Additive manufacturing of polymers and composites for applications in aerospace and aeronautics

Abstract

This comprehensive review emphasizes the significant role of additive manufacturing (AM) in transforming the production methods of aerospace and aeronautical real components. Reducing part assembly and manual interventions and related expenses, together with the possibility of just-in-time production of customised geometry and material-saving structures, are the main reasons for aeronautical interest in 3D printing technology. From a broader perspective, 3D printing allows not only the production of parts on Earth that are intended for deployment in space missions later (FOR-space 3D printing), but also onboard production and maintenance (IN-space 3D printing).

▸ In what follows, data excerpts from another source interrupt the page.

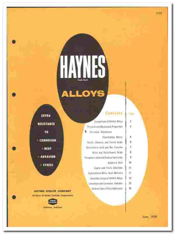 Manufacturers of Haynes Alloys. 'Extra Resistance to Corrosion, Heat, Abrasion and Stress'.
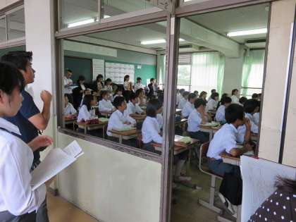 今日は午後から西京支部の中学校全校で授業研修が行われています。本校では国語科の山本先生が1年2組で授業をされています。たくさんの国語科の先生方が集まり、今後のご自分の授業の参考にするために熱心に見入っておられました。山本先生お疲れ様でした。そして、1年2組の生徒諸君も授業研修へのご協力、ありがとうございました。
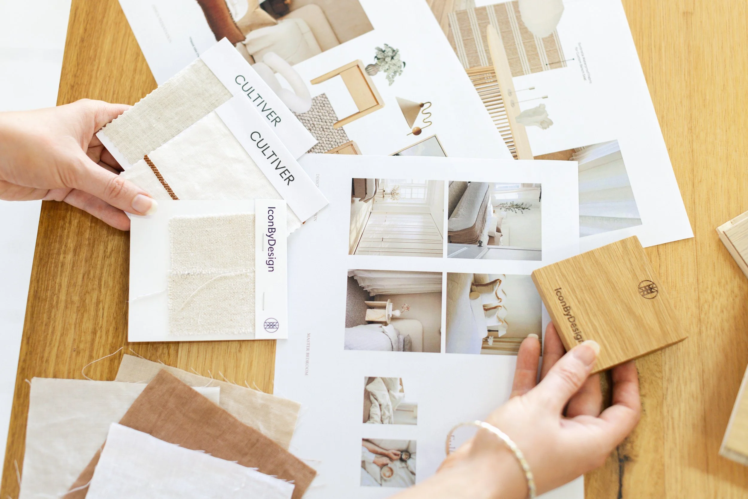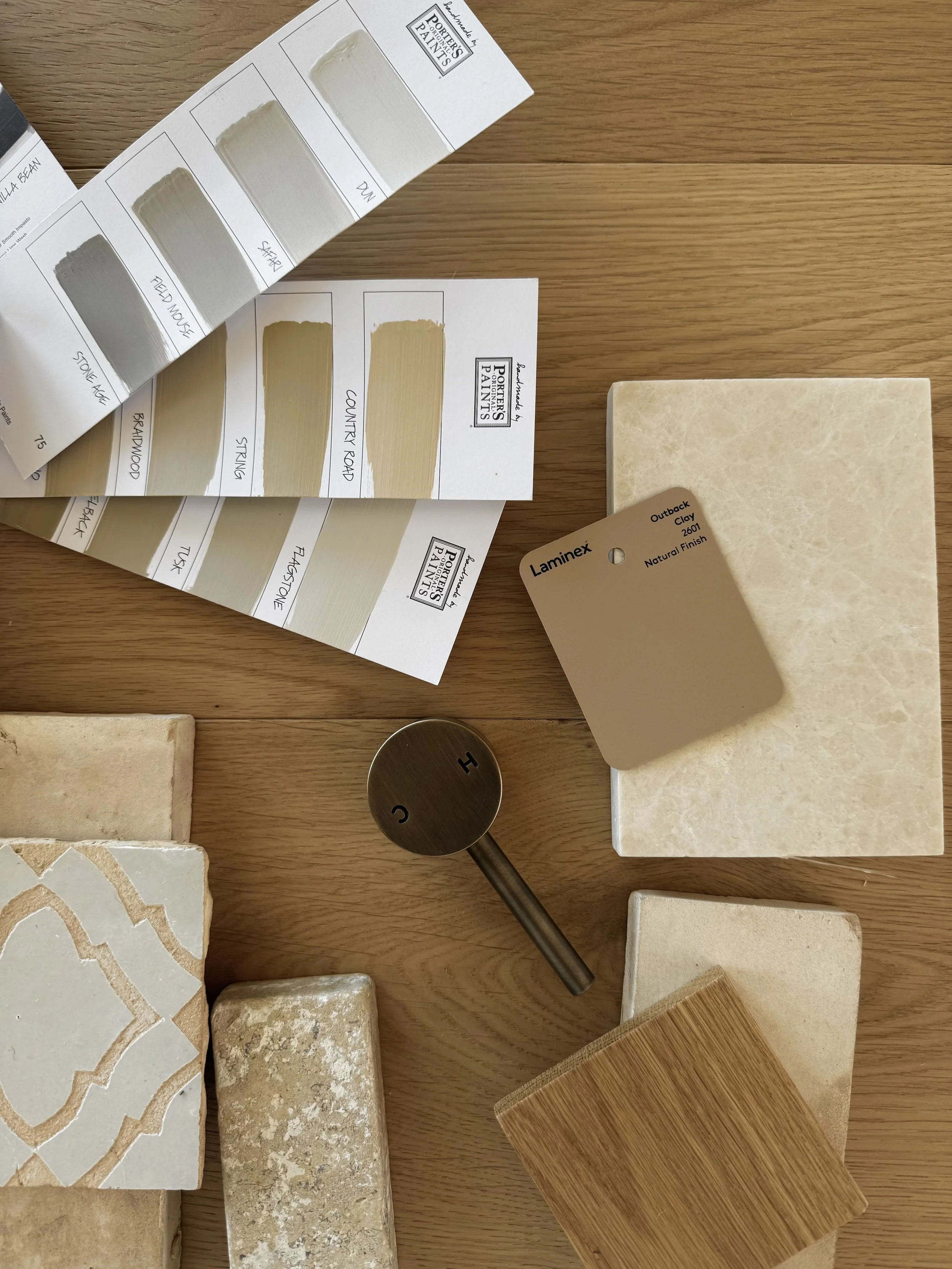 Client-provided physical samples (tiles, flooring, benchtops, finishes, colours, etc.) reviewed together
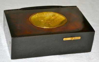 Keywords: Singing bird box by Bontems (2).JPG en Singing bird box model nº 11 by the reputed French house Bontems circa 1890 Fitted with a going-barrel movement The beautiful and delicately crafted full-bodied bird with spiral legs exhibits multi-coloured layered feathered plumage with predominant tones of green and red complemented with also green red orange and blue iridescent hummingbird feathers giving as a result a well-combined palette of colours They were dressed by hand so no two birds look exactly alike The birds made by Bontems in this period are the most detailed and proportionate they ever made It goes up and down moving bone beak wings and tailfeather to continuous realistic birdsong rising through finely pierced and tooled gilt grille Plain polished silver gilt matt finished lid interior while the exterior shows a pair of hand-engraved birds foliage and floral decoration framed by a plain oval border in highly polished tortoiseshell case with a small hinged compartment to rear matching gilt start/stop button to front-right The top interior of the case has been shaved getting a semi-transparent look with a rich variety of tones and shades of honey brown and amber colours which allows to see part of the mechanism in action Measurements 10 cm by 6 70 cm by 3 10 cm Caja de pájaro cantor autómata modelo nº 11 fabricada por la firma francesa Bontems hacia el año 1890 El ave está vestida con plumaje de colibrí sudamericano con colores predominantes en verde y rojo complementados asimismo con verde rojo naranja amarillo y azul iridiscentes pico de hueso o marfil y patas de alambre en espiral Estos autómatas eran adornados a mano así que no hay dos que sean exactamente iguales Los pajarillos elaborados por Bontems durante esta época son de los más hermosos detallados y proporcionados que hicieron Mientras canta el ave autómata se mueve ligeramente de arriba a abajo abre y cierra el pico bate las alas y mueve la cola surgiendo a través de una rejilla finamente trabajada Caja con forma de tabaquera de auténtico carey pulido con pequeño compartimento en la parte trasera la cual muestra en su parte superior un medallón ovalado de plata dorada donde se representa una composición formada por una pareja de aves simbolizando la fidelidad y decoración vegetal a base de ramas con hojas y flores grabadas a mano todo ello enmarcado por un marco igualmente ovalado Palanca de mando de latón situada en la parte frontal derecha La parte superior interna de la caja ha sido rebajada en grosor lo cual permite apreciar toda una serie de matices y tonalidades en colores ámbar y marrón incluso puede observarse parte de la maquinaria en funcionamiento Teniendo en cuenta que el caparazón de tortuga difiere en cada ejemplar y que los artesanos trabajaban cada caja de manera individual dándole distintos acabados no hay dos que sean idénticas Medidas 10 cm de largo por 6 70 cm de ancho por 3 10 cm de alto own Jafd88 2012 Singing Bird Box Cc-zero

New approaches, such as artificial intelligence and machine learning, have emerged as powerful tools for optimized designs, quality control, and process parameter definition, able to consider performance criteria, material properties, and manufacturing constraints. In this context, the present review explicitly examines the working principles, material requirements, and process parameters of prominent 3D printing methods in aerospace and aeronautics, including fused filament fabrication (FFF), direct ink writing (DIW), stereolithography (SLA), materials jetting (MJ), and selective laser sintering (SLS). Particular attention is given to polymeric composites and nanocomposites and their smart functions (e.g., piezoresistivity, piezoelectricity, self-healing, and electro-thermal heating). In addition to these points, one of the main goals of the present review is to analyse the real-world examples from industry leaders such as NASA and Boeing, illustrating practical implementations. Reviewing the industrial advancements makes the reader aware of how much AM technology has been developed on an industrial scale in highly exigent sectors, paving the way to understanding the future trends of research activities. Within this scope, at the end of the review, a comparison of the different technologies, and their advantages and disadvantages is presented together with the future challenges to be addressed.